WHAT IS EXPECTED
Only the lines from the one with "I poliziotti di" through the last line of the data below are to be duplicated, exactly and without pictures.

INFORMATION SHOWN
Start of Block
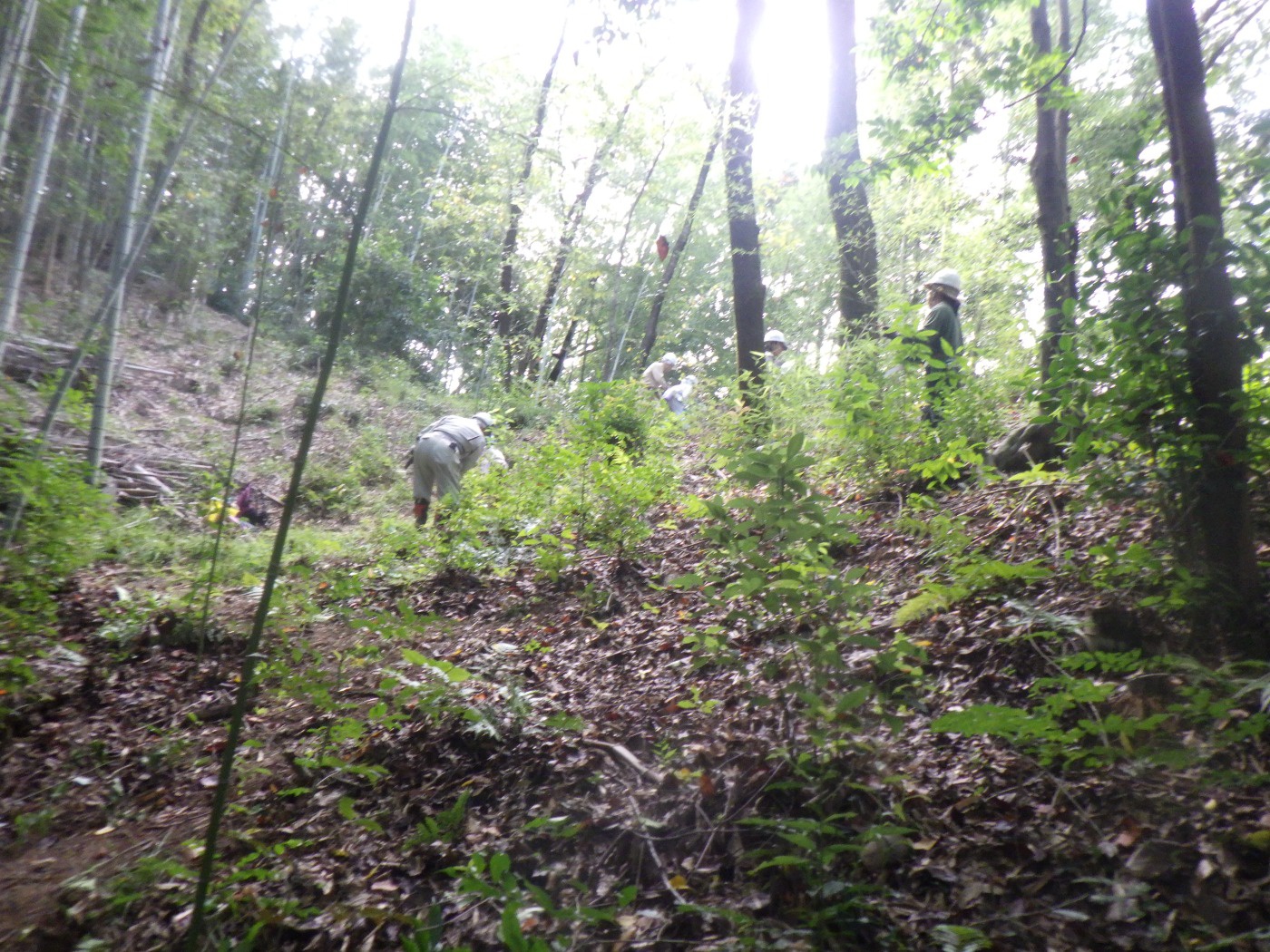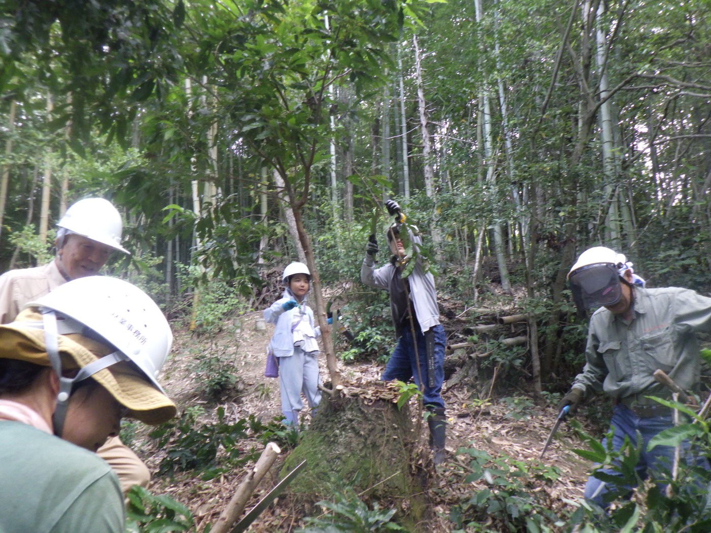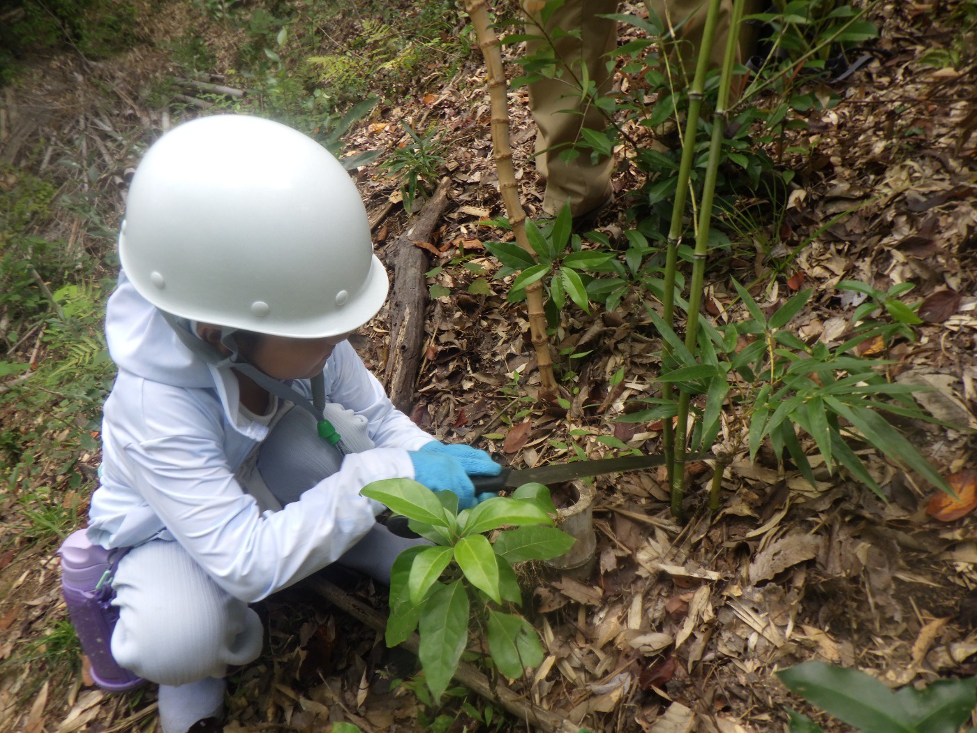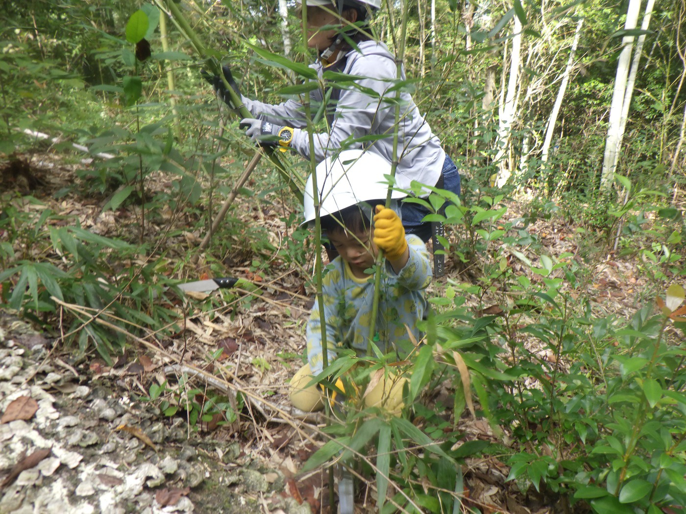 今回は植樹した木の周りの細い竹や常緑樹を切りました。
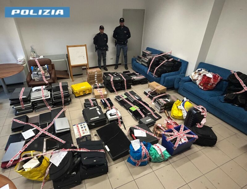 I poliziotti di via Comasina, nel ripostiglio e nel locale pattumiera dello stabile, hanno rinvenuto e sequestrato 413 PC portatili, 246 smartphone, 148 tablet, 72 macchine fotografiche, diverse cuffie wireless, 35 orologi, 19 paia di occhiali oltre a svariato materiale di elettronico come console, modem, proiettori, microfoni, hard disk e una bobina di rame.
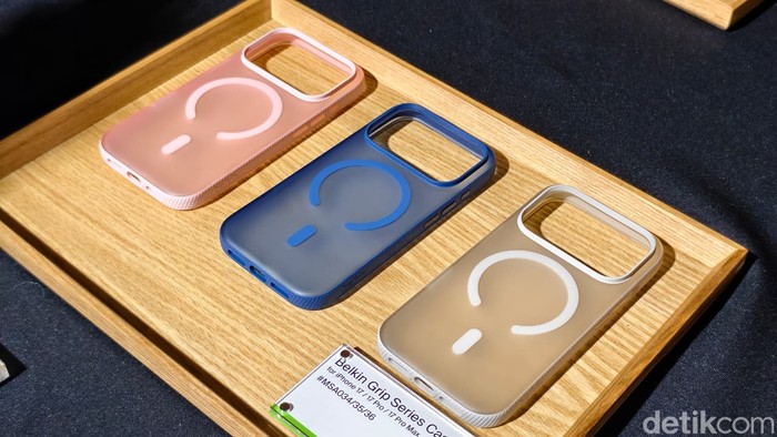 Belkin Grip Series Case harga Rp 499.000 sebagai pelindung iPhone 17 series. Case ini ringan & tipis: perlindungan jatuh hingga 6.6ft/2m (military-grade), bumper bertekstur anti-slip untuk genggaman aman & nyaman, kurangi risiko jatuh. Kompatibel Qi2 & MagSafe untuk charging nirkabel cepat tanpa lepas case.
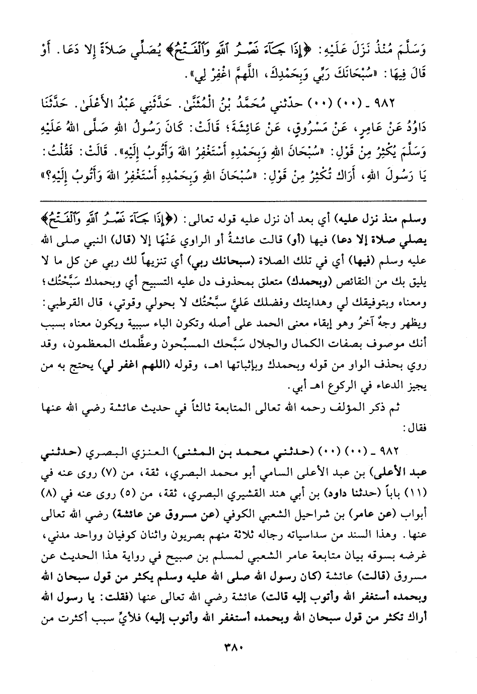 ٩٨٢ - (٠٠) (٠٠) (حدثني محمد بن المثنى) العنزي البصري (حدثني عبد الأعلى) بن عبد الأعلى السامي أبو محمد البصري، ثقة، من (٧) روى عنه في (١١) بابا (حدثنا داود) بن أبي هند القشيري البصري، ثقة، من (٥) روى عنه في (٨) أبواب (عن عامر) بن شراحيل الشعبي الكوفي (عن مسروق عن عائشة) رضي الله تعالى عنها. وهذا السند من سداسياته رجاله ثلاثة منهم بصريون واثنان كوفيان وواحد مدني، غرضه بسوقه بيان متابعة عامر الشعبي لمسلم بن صبيح في رواية هذا الحديث عن مسروق (قالت) عائشة (كان رسول الله صلى الله عليه وسلم يكثر من قول سبحان الله وبحمده أستغفر الله وأتوب إليه قالت) عائشة رضي الله تعالى عنها (فقلت: يا رسول الله أراك تكثر من قول سبحان الله وبحمده أستغفر الله وأتوب إليه) فلأيِّ سبب أكثرت من
End of Block
WRITTEN RESPONSE
 I poliziotti di via Comasina, nel ripostiglio e nel locale pattumiera dello stabile, hanno rinvenuto e sequestrato 413 PC portatili, 246 smartphone, 148 tablet, 72 macchine fotografiche, diverse cuffie wireless, 35 orologi, 19 paia di occhiali oltre a svariato materiale di elettronico come console, modem, proiettori, microfoni, hard disk e una bobina di rame.
 Belkin Grip Series Case harga Rp 499.000 sebagai pelindung iPhone 17 series. Case ini ringan & tipis: perlindungan jatuh hingga 6.6ft/2m (military-grade), bumper bertekstur anti-slip untuk genggaman aman & nyaman, kurangi risiko jatuh. Kompatibel Qi2 & MagSafe untuk charging nirkabel cepat tanpa lepas case.
 ٩٨٢ - (٠٠) (٠٠) (حدثني محمد بن المثنى) العنزي البصري (حدثني عبد الأعلى) بن عبد الأعلى السامي أبو محمد البصري، ثقة، من (٧) روى عنه في (١١) بابا (حدثنا داود) بن أبي هند القشيري البصري، ثقة، من (٥) روى عنه في (٨) أبواب (عن عامر) بن شراحيل الشعبي الكوفي (عن مسروق عن عائشة) رضي الله تعالى عنها. وهذا السند من سداسياته رجاله ثلاثة منهم بصريون واثنان كوفيان وواحد مدني، غرضه بسوقه بيان متابعة عامر الشعبي لمسلم بن صبيح في رواية هذا الحديث عن مسروق (قالت) عائشة (كان رسول الله صلى الله عليه وسلم يكثر من قول سبحان الله وبحمده أستغفر الله وأتوب إليه قالت) عائشة رضي الله تعالى عنها (فقلت: يا رسول الله أراك تكثر من قول سبحان الله وبحمده أستغفر الله وأتوب إليه) فلأيِّ سبب أكثرت من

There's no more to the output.